Nuevas reglas de Basilea distinguen entre blockchains con y sin permisos para activos tokenizados
El Comité de Basilea sobre Supervisión Bancaria ha establecido un marco regulatorio diferenciado para los activos tokenizados, dependiendo del tipo de tecnología de registro distribuido (DLT) en la que se emitan. Según las normas publicadas, los activos tokenizados que operan en ledgers distribuidos con permisos (permissioned distributed ledgers) recibirán un tratamiento regulatorio más flexible en términos de capital bancario.

Sin embargo, esta flexibilidad no se extiende a los activos que funcionan en blockchains sin permisos (permissionless blockchains). Estas plataformas, caracterizadas por su naturaleza descentralizada y abierta, seguirán sujetas a requisitos más estrictos, lo que refleja la percepción de un mayor riesgo asociado a su estructura operativa.
La distinción se basa en la capacidad de los reguladores para evaluar y mitigar los riesgos en entornos controlados. Los ledgers con permisos, al ser gestionados por un grupo definido de participantes, permiten una mayor supervisión y cumplimiento de las normas financieras tradicionales. En cambio, las blockchains sin permisos, como Bitcoin o Ethereum, plantean desafíos adicionales debido a su naturaleza pública y descentralizada, lo que dificulta la aplicación de controles regulatorios convencionales.
Este enfoque busca equilibrar la innovación financiera con la estabilidad del sistema bancario, reconociendo el potencial de la tokenización para mejorar la eficiencia en los mercados de capitales, pero sin comprometer la seguridad y la transparencia.
Aunque las normas no detallan explícitamente los criterios técnicos que diferencian ambos tipos de redes, el mensaje es claro: la tecnología subyacente determinará el nivel de escrutinio al que estarán sujetos los activos digitales en el sistema financiero tradicional.

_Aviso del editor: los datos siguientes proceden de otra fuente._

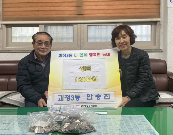 »çÇϱ¸ ±«Á¤3µ¿ÇàÁ¤º¹Áö¼¾ÅÍ´Â 23ÀÏ, ÁֹΠ¾È½ÂÁø¾¾·ÎºÎÅÍ À۳⿡ ÀÌ¾î ¿ÃÇØµµ ÆóÁö¡¤ºóº´ µîÀ» ÆÈ¾Æ ¸¶·ÃÇÑ ¼º±Ý 120¸¸ ¿øÀ» ±âºÎ¹Þ¾Ò´Ù.
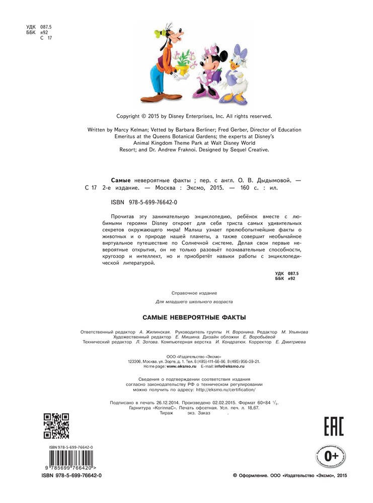 Самые невероятные фактыВ данный момент этот товар отсутствует в продаже. Возможно, у нас найдется аналогичный или похожий товар здесь. Серия: Disney. Моя первая энциклопедия Прочитав эту занимательную энциклопедию, ребёнок вместе с любимыми героями Disney откроет для себя триста самых удивительных секретов окружающего мира! Малыш узнает прелюбопытнейшие факты о животных и о природе нашей планеты и даже совершит необычайное виртуальное путешествие по Солнечной системе. Делая свои первые невероятные открытия, он не только разовьёт познавательные способности, кругозор и интеллект, но и получит первый опыт работы с энциклопедической литературой. |

La decisión del Comité de Basilea marca un hito en la regulación de los activos digitales, ya que es una de las primeras veces que un organismo internacional de supervisión bancaria aborda de manera explícita las diferencias entre estos dos modelos de tecnología blockchain. Expertos en el sector financiero anticipan que esta distinción podría influir en cómo los bancos y otras instituciones adoptan la tokenización en el futuro.
Mientras tanto, el debate sobre la idoneidad de las blockchains sin permisos para aplicaciones financieras reguladas continúa. Algunos defensores argumentan que su transparencia y resistencia a la censura las hacen ideales para ciertos casos de uso, mientras que los reguladores insisten en la necesidad de controles más estrictos para proteger a los inversores y mantener la estabilidad del sistema.